Classificatie De algemene indeling is gebaseerd op de vier eerder genoemde categorieën A t/m D. Bij de daadwerkelijke indeling wordt nog een tweetal nadere verbijzonderingen toegepast:
  • Voor de voorbehandeling wordt onderscheid gemaakt tussen het toepassen van alleen fysische scheiding (A) in een bezink-/vetput, dan wel het afscheiden van colloïdale deeltjes en metalen door het doseren van chemicaliën, voorafgaand aan de daadwerkelijke fysische afscheiding (A+). Het alleen toepassen van fysische scheiding is beperkt tot enkele geselecteerde productgroepen, zoals levensmiddelen en inerte stof (zie bijlage quickscan)1;
  • Voor het biologisch zuiveren wordt onderscheid gemaakt tussen het in eigen beheer zuiveren (AWZI), dan wel afvoeren naar een communale zuivering (RWZI).
Onvolledige beoordelingen
Stoffen waarvoor na bovenstaande acties nog steeds onvoldoende gegevens beschikbaar zijn om tot een beoordeling te komen worden wel in de database ingevoerd, maar krijgen als classificatie 'onvolledig'. De (beperkte) gegevens die op dat moment beschikbaar zijn worden daarbij vermeld zodat eventueel op een later tijdstip de beoordeling alsnog volledig kan worden gemaakt. Dit is zichtbaar door de rode markering. Met name uit het verleden is nu nog een aantal onvolledig ingedeelde stoffen in de Stoffenbank aanwezig. Het streven is om het aantal onvolledige stoffen te minimaliseren. Met regelmaat worden de nu ingedeelde stoffen dan ook opnieuw beoordeeld.
Nieuw ingedeelde stoffen met een rode markering blijven aanwezig in de database, maar blijven slechts gedurende 1 jaar zichtbaar voor abonnees.

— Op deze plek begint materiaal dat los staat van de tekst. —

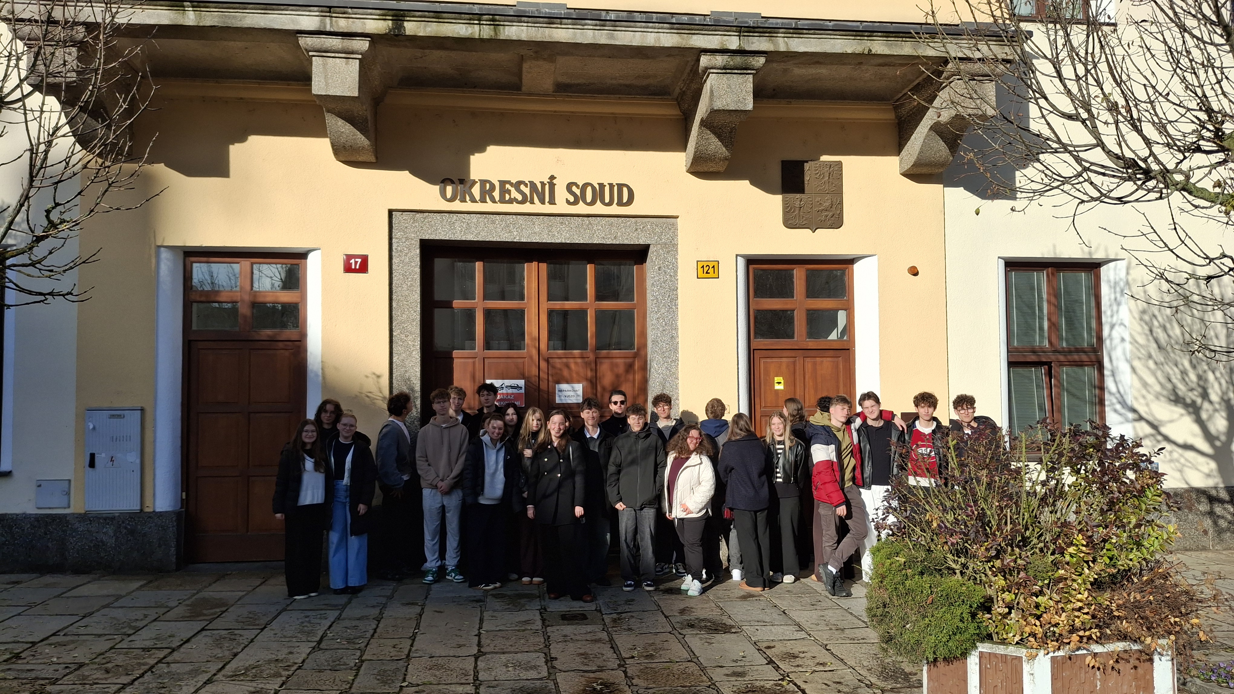 Otázka za dva bludišťáky: Jak co nejlépe strávit dvě vyučovací hodiny Základů společenských věd (ZSV) ve 3. ročníku? Aktivním pobytem u Okresního soudu v Písku. Dobrovolníci z řad studentů 3.B zde byli v rámci exkurze nejprve poctivě pozavíráni do místností v přízemí budovy nazývané „eskorty“. Následně byli vystaveni nepříjemné realitě trestního soudnictví, a to s jedním konkrétním cílem – posílení právního vědomí.

Werkwijze validatiecommissie
De validatiecommissie bestaat uit vertegenwoordigers van Rijkswaterstaat, ATCN, VNCI, Unie van Waterschappen en Royal HaskoningDHV. De voorzitter van de commissie wordt gezamenlijk vastgesteld. De validatiecommissie komt minimaal twee maal per jaar bij elkaar, of zo vaak als nodig. De validatiecommissie beoordeelt:
  • de validatieprocedure;
  • expert judgement voorstellen voor bepaalde parameters, indien de geschatte waarde rond een kritische waarde van de verwerkingsmatrix ligt;
  • classificatievoorstellen die worden ingediend voor moeilijk in te delen stoffen of mengsels;
  • voorstellen voor de stoffen die in de quickscan groepen vallen;
  • de historische indeling.
Aan de validatiecommissie wordt voor elke vergadering ter kennisname een lijst toegestuurd met de nieuw ingevoerde stoffen en een onderbouwing van de beoordeling.
Drie weken voor aanvang van elke vergadering worden aan de leden van de validatiecommissie stoffenlijsten toegestuurd met daarin de voorgestelde classificatie voor stoffen. Deze wordt vervolgens besproken in de vergadering. Leden van de validatiecommissie hebben het recht een veto uit te spreken over een voorgestelde indeling en kunnen om meer gegevens te vragen.

1 Een bijzonder aspect doet zich voor bij de verwerking van weinig bezwaarlijke en volledig oplosbare componenten (methanol, ammonia, zout.) Dergelijke stoffen zijn fysisch(chemisch) niet te verwijderen, maar worden in een biologische zuivering volledig afgebroken, of zijn volledig inert (zout). De eerste zuiveringsstap is hiermee dan ook niet zinvol. Uit praktisch oogpunt zal het echter weinig zinvol zijn om het spoelwater van deze stoffen apart naar de biologische zuivering af te voeren.